What to produce: In the records below, find the line with "ひと足先に浸けこんである白いバラ「クーベルト」は ローズマリーと共にそろそろ石鹸を作ってもいい浸かり具合です |", then copy each line exactly until you have copied the line with "Член семейства осоковых.". Leave any picture out.

Material for this task:
--- START ---
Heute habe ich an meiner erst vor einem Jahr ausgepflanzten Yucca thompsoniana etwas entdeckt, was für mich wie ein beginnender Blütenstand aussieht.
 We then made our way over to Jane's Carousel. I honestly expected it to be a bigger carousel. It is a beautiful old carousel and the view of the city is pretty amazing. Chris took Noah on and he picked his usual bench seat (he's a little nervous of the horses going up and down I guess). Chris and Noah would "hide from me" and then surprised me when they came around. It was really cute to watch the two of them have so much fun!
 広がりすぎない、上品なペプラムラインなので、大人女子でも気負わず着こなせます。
--- END ---
--- START ---
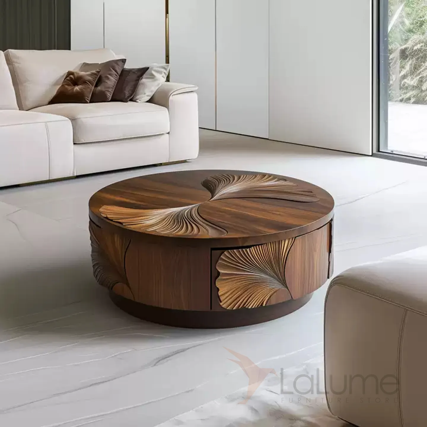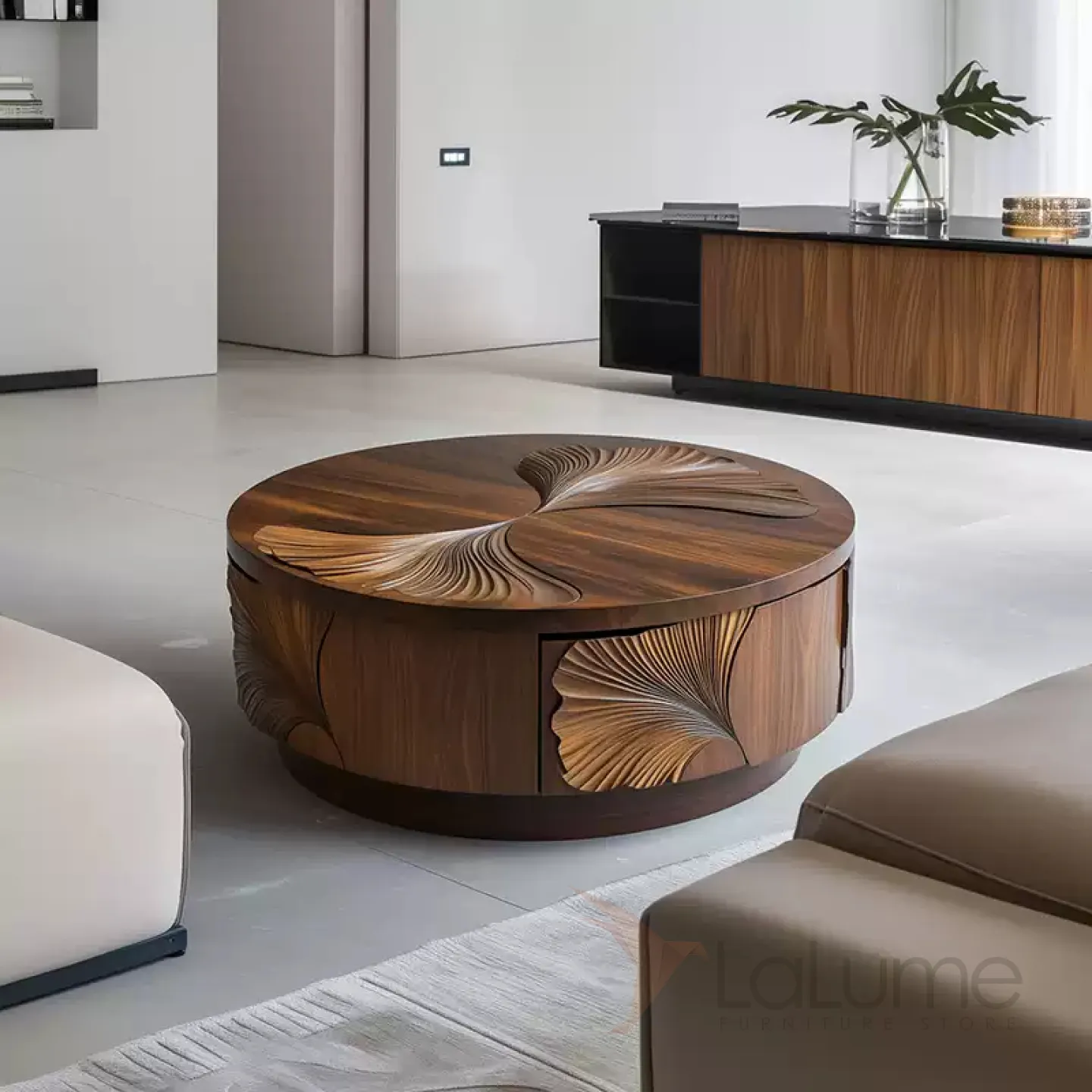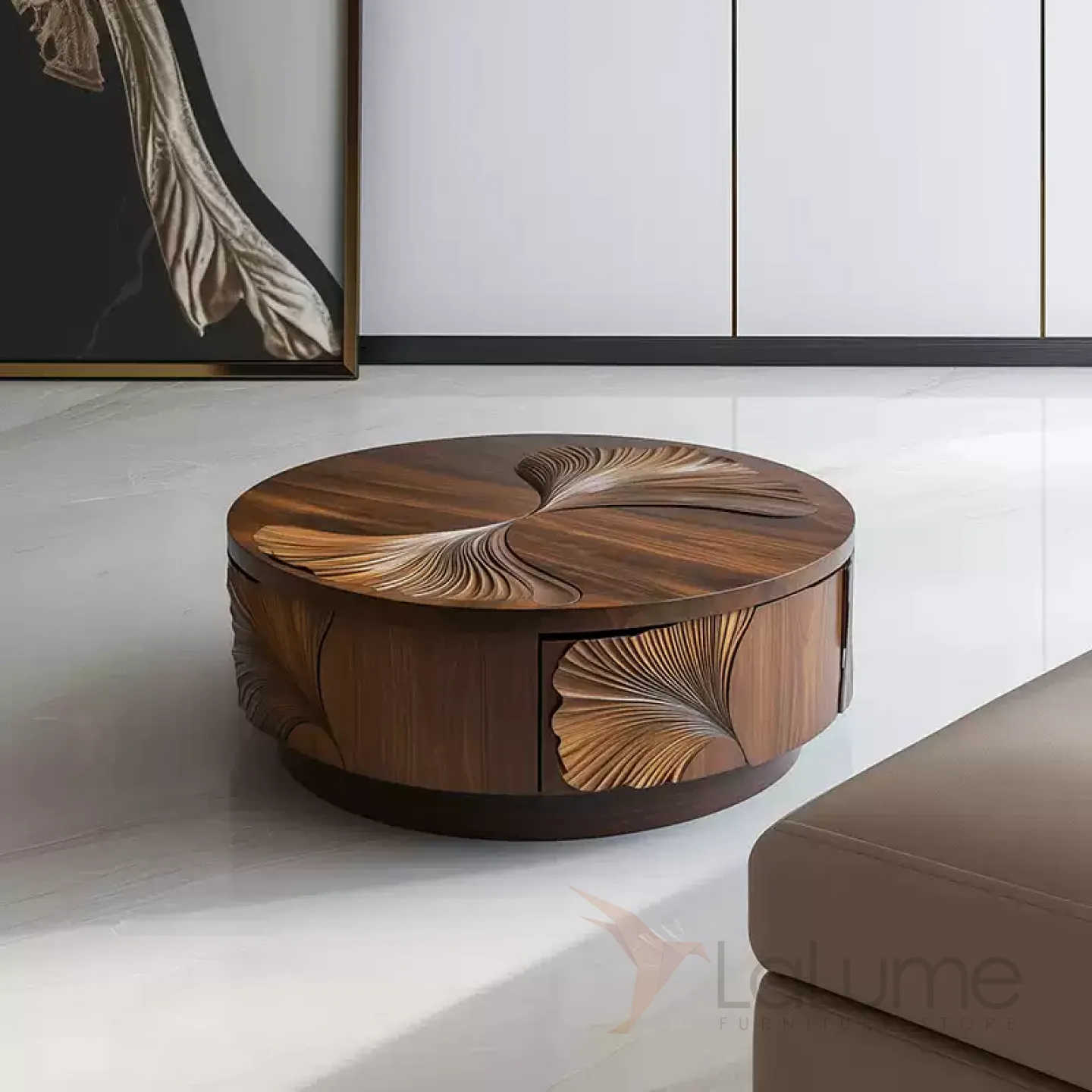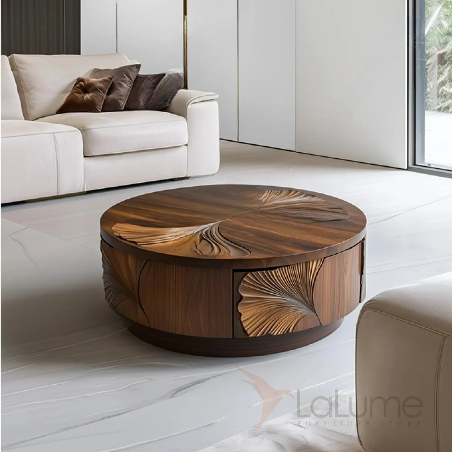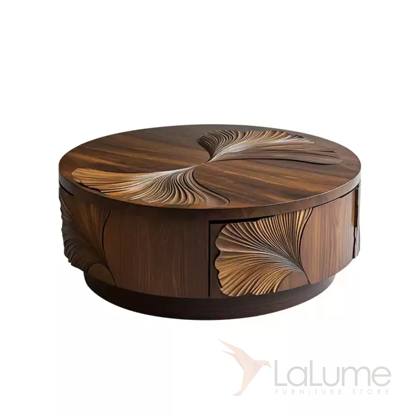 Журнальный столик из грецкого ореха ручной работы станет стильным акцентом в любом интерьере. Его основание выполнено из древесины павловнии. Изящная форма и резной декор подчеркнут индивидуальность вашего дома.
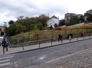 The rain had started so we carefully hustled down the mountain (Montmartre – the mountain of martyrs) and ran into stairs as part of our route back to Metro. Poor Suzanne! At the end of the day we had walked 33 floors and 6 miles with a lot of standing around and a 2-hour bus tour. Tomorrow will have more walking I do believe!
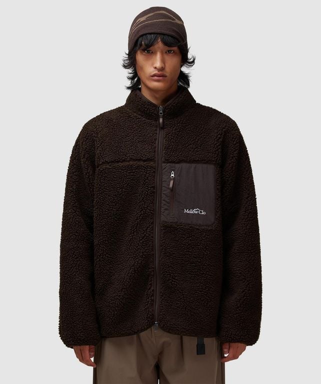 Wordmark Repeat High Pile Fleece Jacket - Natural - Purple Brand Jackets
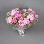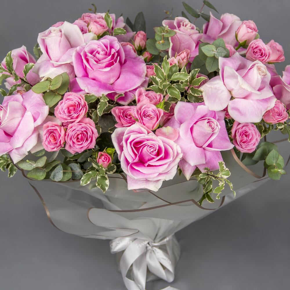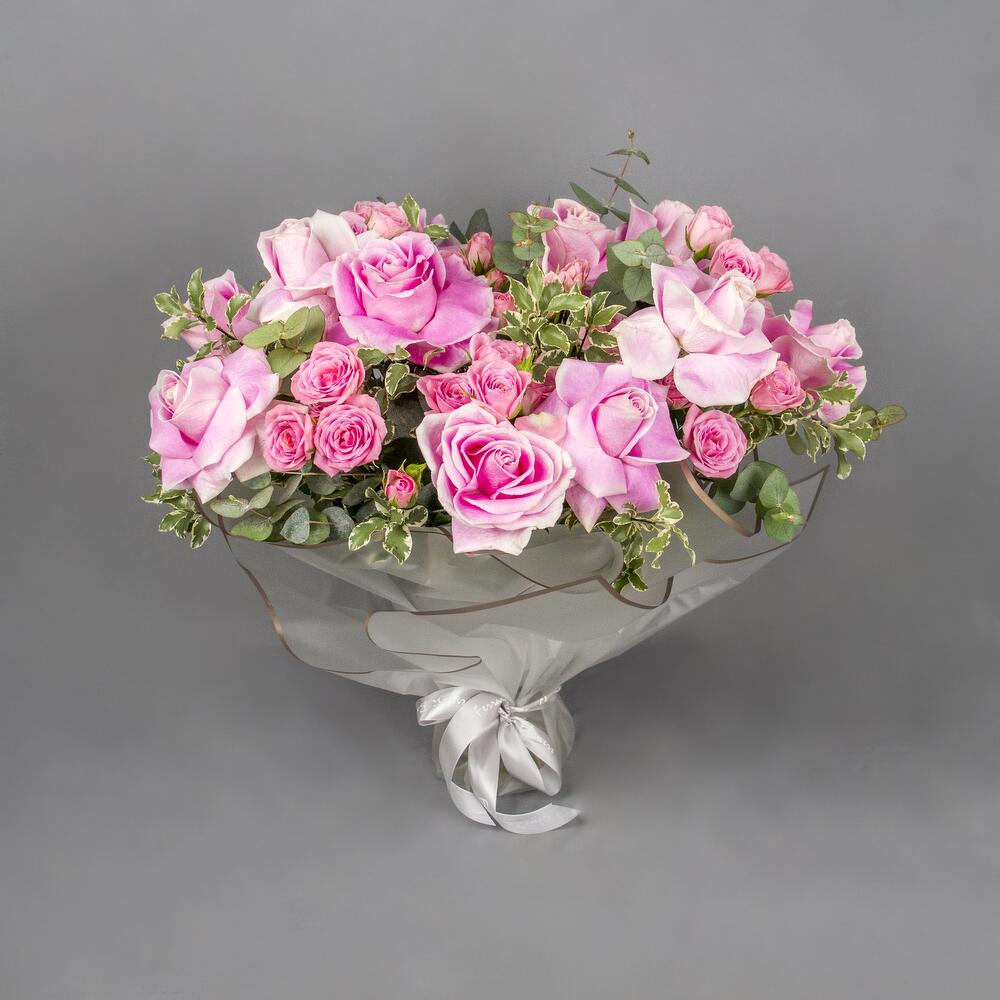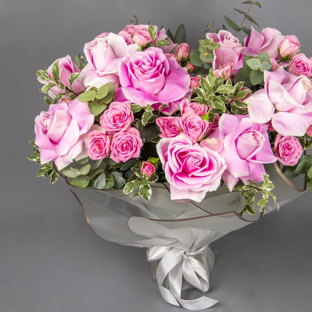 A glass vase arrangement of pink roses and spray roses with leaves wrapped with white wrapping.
--- END ---
--- START ---
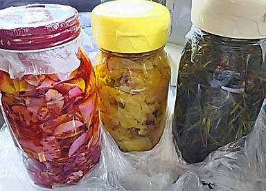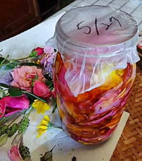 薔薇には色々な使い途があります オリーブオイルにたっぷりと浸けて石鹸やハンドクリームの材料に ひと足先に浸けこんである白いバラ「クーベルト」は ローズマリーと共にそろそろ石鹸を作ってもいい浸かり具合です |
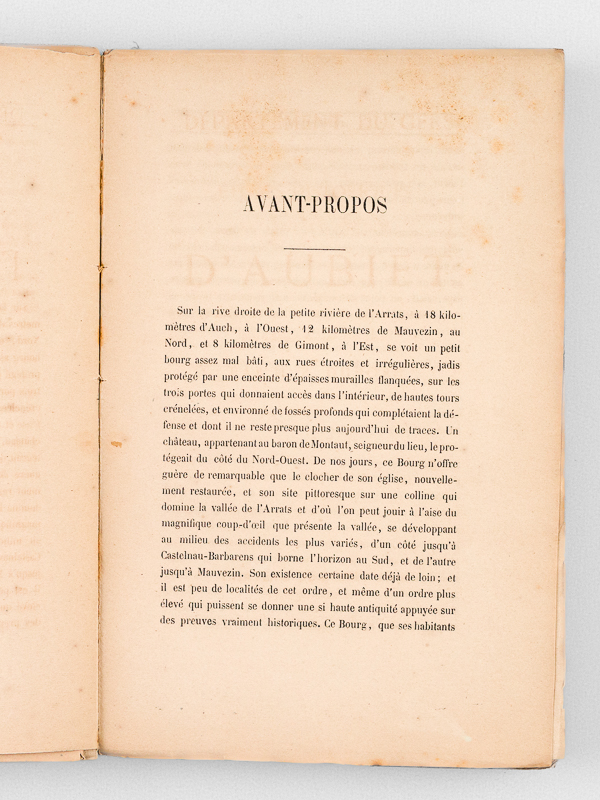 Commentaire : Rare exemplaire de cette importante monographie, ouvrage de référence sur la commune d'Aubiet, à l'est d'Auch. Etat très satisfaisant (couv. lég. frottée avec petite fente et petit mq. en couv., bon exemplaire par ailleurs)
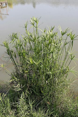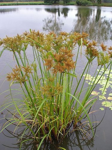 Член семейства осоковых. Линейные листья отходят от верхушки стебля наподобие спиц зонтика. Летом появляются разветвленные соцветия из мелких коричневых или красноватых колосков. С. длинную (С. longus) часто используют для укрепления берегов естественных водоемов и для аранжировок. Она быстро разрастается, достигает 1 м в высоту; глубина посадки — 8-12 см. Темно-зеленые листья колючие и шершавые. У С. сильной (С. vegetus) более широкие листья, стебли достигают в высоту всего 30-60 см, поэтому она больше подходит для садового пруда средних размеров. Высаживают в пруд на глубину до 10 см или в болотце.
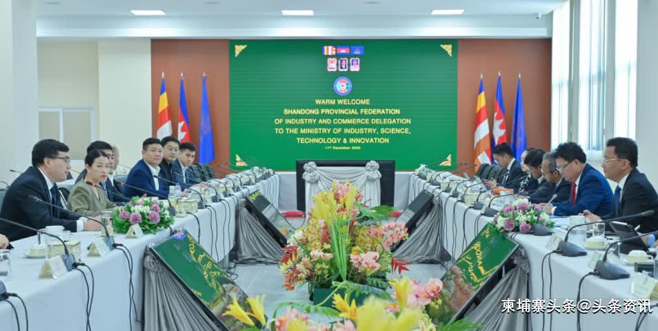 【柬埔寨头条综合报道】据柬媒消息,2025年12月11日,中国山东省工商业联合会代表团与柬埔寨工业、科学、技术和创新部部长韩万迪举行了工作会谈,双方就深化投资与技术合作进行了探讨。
--- END ---
Answer to this task:
 薔薇には色々な使い途があります オリーブオイルにたっぷりと浸けて石鹸やハンドクリームの材料に ひと足先に浸けこんである白いバラ「クーベルト」は ローズマリーと共にそろそろ石鹸を作ってもいい浸かり具合です |
 Commentaire : Rare exemplaire de cette importante monographie, ouvrage de référence sur la commune d'Aubiet, à l'est d'Auch. Etat très satisfaisant (couv. lég. frottée avec petite fente et petit mq. en couv., bon exemplaire par ailleurs)
 Член семейства осоковых. Линейные листья отходят от верхушки стебля наподобие спиц зонтика. Летом появляются разветвленные соцветия из мелких коричневых или красноватых колосков. С. длинную (С. longus) часто используют для укрепления берегов естественных водоемов и для аранжировок. Она быстро разрастается, достигает 1 м в высоту; глубина посадки — 8-12 см. Темно-зеленые листья колючие и шершавые. У С. сильной (С. vegetus) более широкие листья, стебли достигают в высоту всего 30-60 см, поэтому она больше подходит для садового пруда средних размеров. Высаживают в пруд на глубину до 10 см или в болотце.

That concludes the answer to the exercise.